The year that was…
My Iowa colleagues have captured my imagination with their call for “a great clamoring,” which is, perhaps, a way to sum up our fervent fight for “together” in 2021. Because despite the pandemic, we managed to carve out substantial accomplishments in a community fashion, together in purpose. Yes, that, but also streamside, farmers market-side, Zoom-side, lake park bench-side, and occasionally – post-vaccinations -, café-side for some energetic planning with a purpose.
Taken together, here are some highlights to consider as we all turn the page on another year. But first….
“Thinking Like a Watershed” Tuesday, Jan.4 as Bloody Run goes to court
Our monthly web presentations starts anew at 7 p.m. Central with a critical update on the fight for the health of one of Iowa’s pristine waters threatened with a 11,600-head confinement beef operation. Do I have your attention? Here is the link to join this 30-minute presentation on the almost-eve of the Jan. 6 court date.

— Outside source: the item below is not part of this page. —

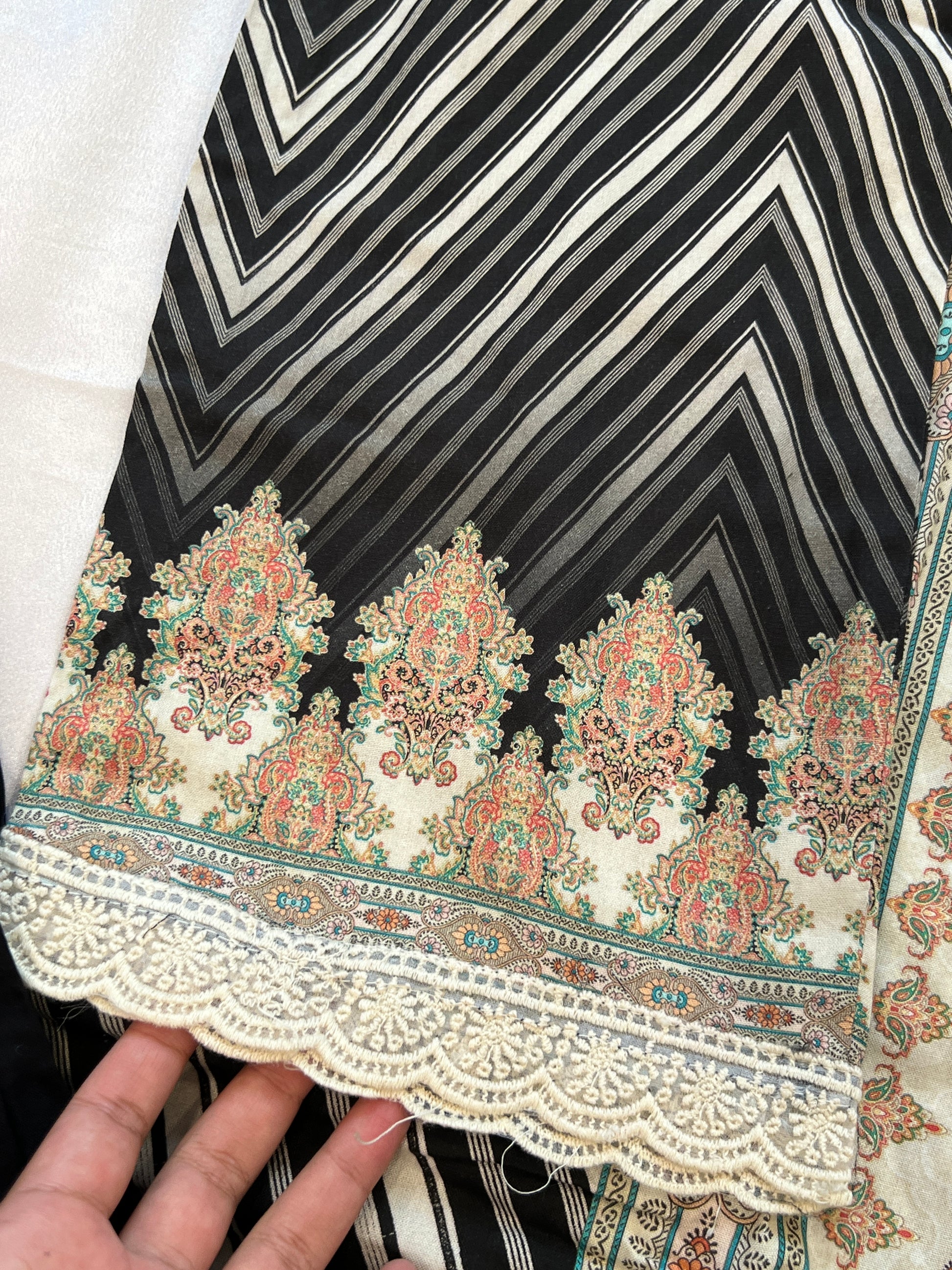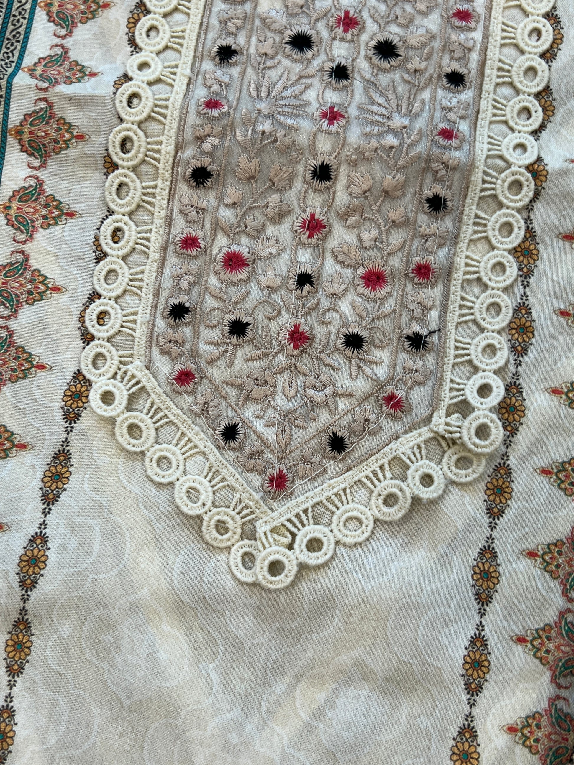 Top cotton Mill printed... beautiful embroidery on neck with beads…beautiful lace on Daman and sleeves ...Top length 48 Inches

Steve will fill us in on the details of Supreme Beef’s facility and their blatantly flawed Nutrient Management Plan. The feedlot expansion is sited in Iowa’s delicate karst topography and evidence suggests that state officials, elected and otherwise, are facilitating an environmental pass that will result in the degradation of Bloody Run. If we can’t SAVE Bloody Run, a state – designated outstanding water, is there any hope for water quality in Iowa and beyond?
Besides being an avid angler, Steve has an extensive background in water quality policy issues. He retired from Iowa State University as the manager of the Chemical Instrumentation Facility and has spent the past 25 years working to improve water quality in Iowa. He is best known for efforts related to development and implementation of proper Clean Water Act standards for Iowa. He brings a strong science background and a willingness to understand “the devil in the details” of water quality standards and AFO regulations.
A Great Clamoring of 2021
We do this work with our partners to date
Cannon River Watershed Partnership
Dairy Grazing Apprenticeship
IWLA chapters in Winona, Austin, Owatonna
Land Stewardship Project
League of Women Voters/Upper Mississippi River Region (UMRR)
Midwest Perennial Forage Working Group/Green Lands Blue Waters and all collaborators
National Trout Center
Sustainable Farmers Association of Minnesota
universities – University of MN, Minnesota State College Southeast, Winona State University, St. Mary’s
University of Minnesota
Winona Farmers Market
❖ Save Our Streams (SOS) stream teams – training, monitoring site selection, and team organization in collaboration with local partners and the national IWLA program; expanded (8) monitoring sites, kit upkeep, team coordination, Clean Water Hub data, citizen science at work.
❖ Water/Public engagement – SOS to the Winona Farmers Market for hands-on education and palpable synergy between SOS and the Winona Will Dilg chapter via an Endowment grant.
❖ Water Quality Monitoring with a Purpose – Weekly summer sampling project in the Iowa reaches of the Cedar River Watershed to conduct an E. coli source survey after training by the Austin chapter; human fecal matter was identified by DNA analysis at 2 of 20 sites monitored by 3 teams from 3 county chapters plus students and some resource agents. An Endowment grant by Minnesota and in-kind staffing by UMRI provided all supplies and UMRI staff and Austin leaders wrote the training protocol and final report. The methods and results are finding “legs” at national and state levels.
❖ “Thinking Like a Watershed” – web series to give voice to critical local issues during monthly online presentations open to all; chiefly organized by Iowa UMRI staff with assistance from and co-organization by Minnesota staff. It draws a national audience. See above for the 2022 start on Jan. 4 at 7 p.m. Central.
❖ Publications on soil, water, grazing, conservation – 2 publications co-written as part of the Midwest Perennial Forage Working Group a part of Green Lands Blue Waters, the peer-reviewed article and this infographic on “Perennial Forage for Infrastructure Protection.”
❖ Movement in the Minnesota River Basin to successfully challenge ditch drainage projects on grounds of water quality and quantity concerns.
Getting Started in 2022
❖ Build on SOS monitoring sites, team participation, public education to add data and citizen science engagement to water protection campaigns
❖ Build a water- and soil-driven partnership in the Driftless Area of Minnesota
❖ Collaborative work with newly revived Will Dilg chapter
❖ Non-operating landowner series (virtual) in partnership with UMRI Iowa staff
❖ Active organizing of “Thinking Like a Watershed” web series in collaboration with UMRI Iowa staff
❖ Minnesota River Basin collaborations to address the process and reality of ditch drainage proposals.